Work to complete
Within the records below is a range that opens at the line with "eenvoudig bediend worden,." and closes at the line with "Onze Jovie bevordert". Return that range word for word, both ends included, and only that range.

── Data for this task ──

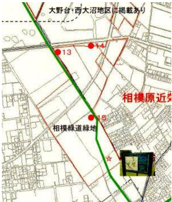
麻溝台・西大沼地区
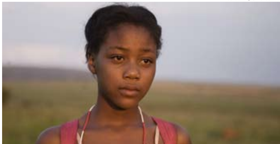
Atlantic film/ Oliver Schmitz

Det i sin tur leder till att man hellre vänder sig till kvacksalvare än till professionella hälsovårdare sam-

───
── Data for this task ──

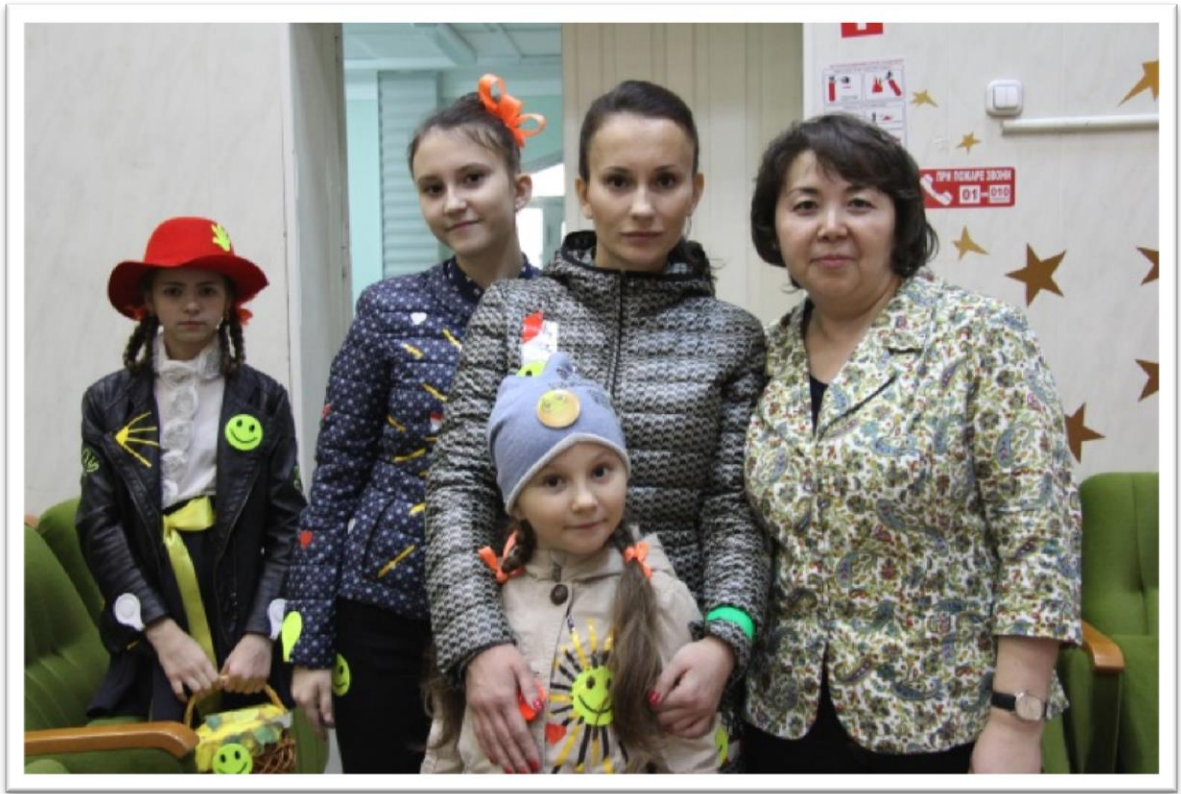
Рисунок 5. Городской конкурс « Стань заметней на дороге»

───
── Data for this task ──

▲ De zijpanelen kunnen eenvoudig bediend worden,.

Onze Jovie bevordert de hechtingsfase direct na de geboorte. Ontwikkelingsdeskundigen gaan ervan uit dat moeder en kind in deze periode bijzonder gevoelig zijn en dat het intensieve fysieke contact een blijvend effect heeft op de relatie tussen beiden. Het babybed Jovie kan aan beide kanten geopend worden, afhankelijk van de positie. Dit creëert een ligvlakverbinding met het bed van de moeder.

───

Response to the exercise
▲ De zijpanelen kunnen eenvoudig bediend worden,.

Onze Jovie bevordert de hechtingsfase direct na de geboorte. Ontwikkelingsdeskundigen gaan ervan uit dat moeder en kind in deze periode bijzonder gevoelig zijn en dat het intensieve fysieke contact een blijvend effect heeft op de relatie tussen beiden. Het babybed Jovie kan aan beide kanten geopend worden, afhankelijk van de positie. Dit creëert een ligvlakverbinding met het bed van de moeder.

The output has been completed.